**Assignment:**
All lines from the one containing "- 📥 Téléchargez" through the end of the data below are to be repeated exactly, with pictures left out.

=== Stored data ===

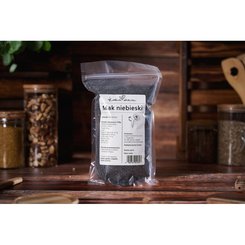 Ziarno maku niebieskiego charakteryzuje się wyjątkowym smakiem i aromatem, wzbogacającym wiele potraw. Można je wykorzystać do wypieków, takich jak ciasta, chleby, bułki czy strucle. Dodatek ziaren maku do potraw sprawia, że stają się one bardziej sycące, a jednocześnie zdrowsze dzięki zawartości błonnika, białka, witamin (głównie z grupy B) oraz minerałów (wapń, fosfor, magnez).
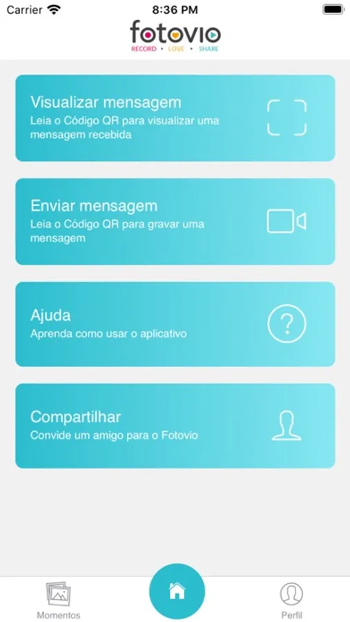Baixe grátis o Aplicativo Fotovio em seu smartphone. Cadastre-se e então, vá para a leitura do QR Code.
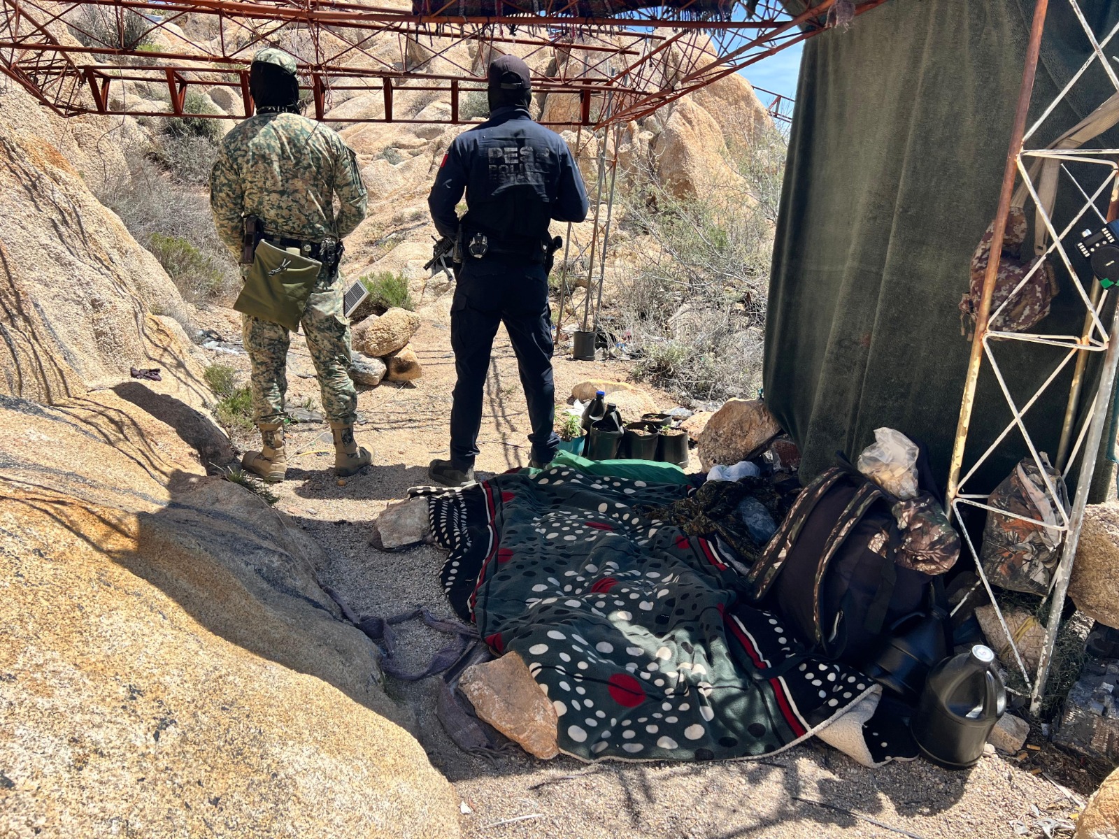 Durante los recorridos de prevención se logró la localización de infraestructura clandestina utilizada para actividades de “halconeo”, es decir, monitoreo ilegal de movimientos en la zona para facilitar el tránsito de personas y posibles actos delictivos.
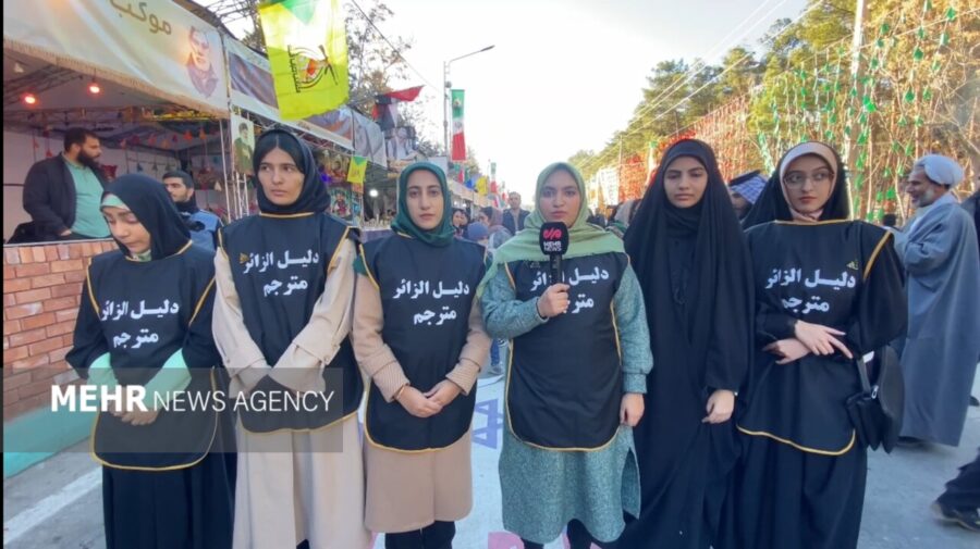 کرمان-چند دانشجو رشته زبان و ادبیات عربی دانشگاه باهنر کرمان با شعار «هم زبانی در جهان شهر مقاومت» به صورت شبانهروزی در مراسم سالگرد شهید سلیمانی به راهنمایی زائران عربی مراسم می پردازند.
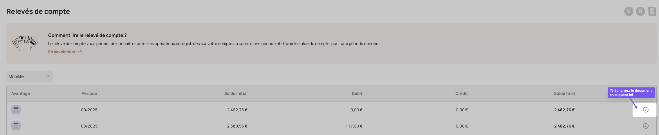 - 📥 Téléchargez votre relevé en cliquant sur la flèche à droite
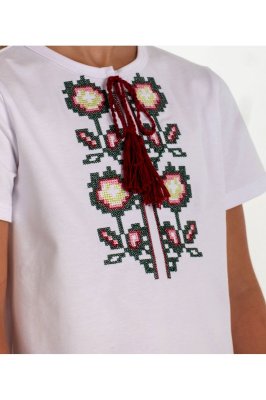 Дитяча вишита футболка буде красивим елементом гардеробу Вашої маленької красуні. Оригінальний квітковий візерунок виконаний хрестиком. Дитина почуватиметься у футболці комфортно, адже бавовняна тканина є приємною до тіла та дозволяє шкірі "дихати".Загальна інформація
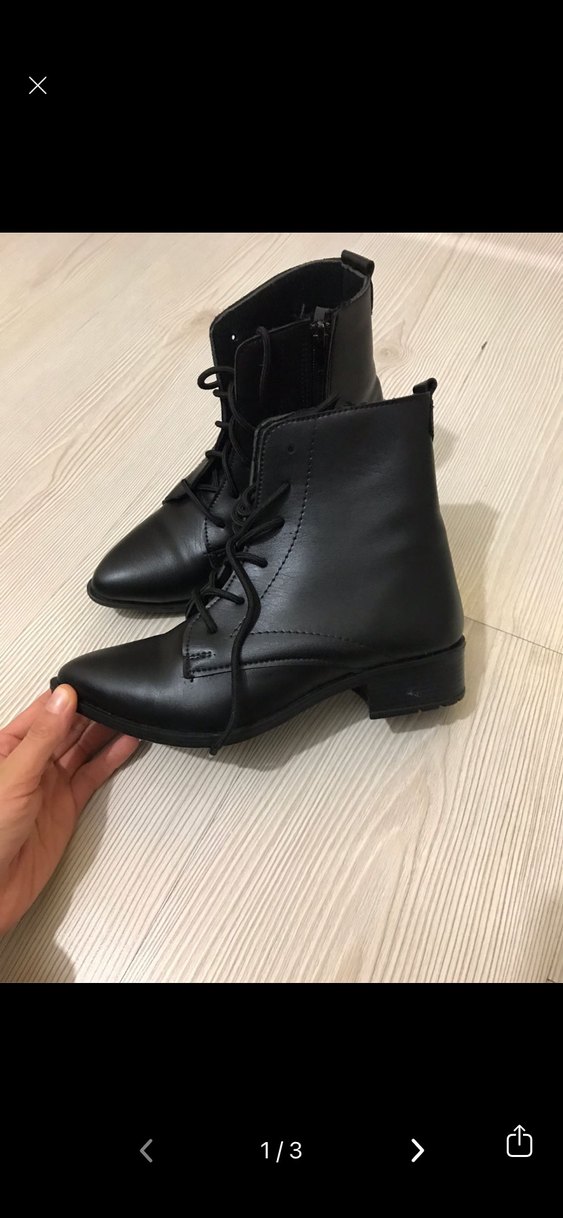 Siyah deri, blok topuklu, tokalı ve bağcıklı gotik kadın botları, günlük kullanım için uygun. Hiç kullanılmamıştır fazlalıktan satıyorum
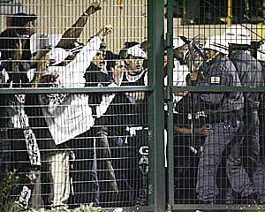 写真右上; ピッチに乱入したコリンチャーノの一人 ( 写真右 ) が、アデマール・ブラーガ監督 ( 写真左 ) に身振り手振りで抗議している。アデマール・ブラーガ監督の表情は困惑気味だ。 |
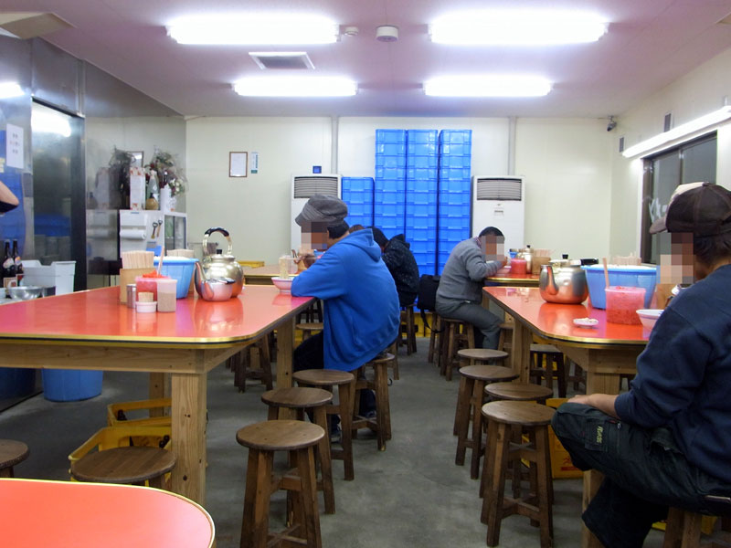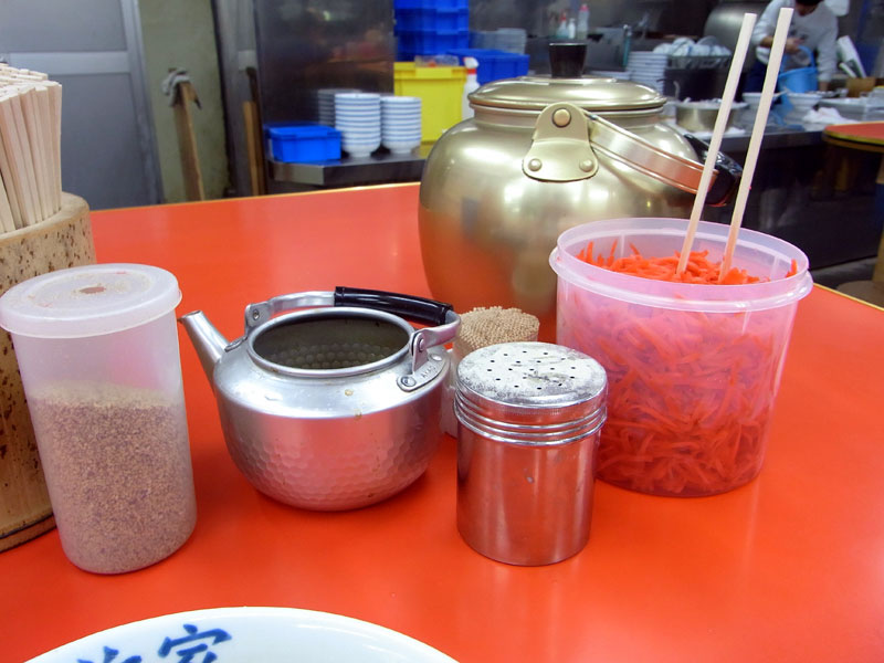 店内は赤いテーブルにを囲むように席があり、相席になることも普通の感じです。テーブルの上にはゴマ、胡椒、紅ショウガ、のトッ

===

**Written answer:**
 - 📥 Téléchargez votre relevé en cliquant sur la flèche à droite
 Дитяча вишита футболка буде красивим елементом гардеробу Вашої маленької красуні. Оригінальний квітковий візерунок виконаний хрестиком. Дитина почуватиметься у футболці комфортно, адже бавовняна тканина є приємною до тіла та дозволяє шкірі "дихати".Загальна інформація
 Siyah deri, blok topuklu, tokalı ve bağcıklı gotik kadın botları, günlük kullanım için uygun. Hiç kullanılmamıştır fazlalıktan satıyorum
 写真右上; ピッチに乱入したコリンチャーノの一人 ( 写真右 ) が、アデマール・ブラーガ監督 ( 写真左 ) に身振り手振りで抗議している。アデマール・ブラーガ監督の表情は困惑気味だ。 |
 店内は赤いテーブルにを囲むように席があり、相席になることも普通の感じです。テーブルの上にはゴマ、胡椒、紅ショウガ、のトッ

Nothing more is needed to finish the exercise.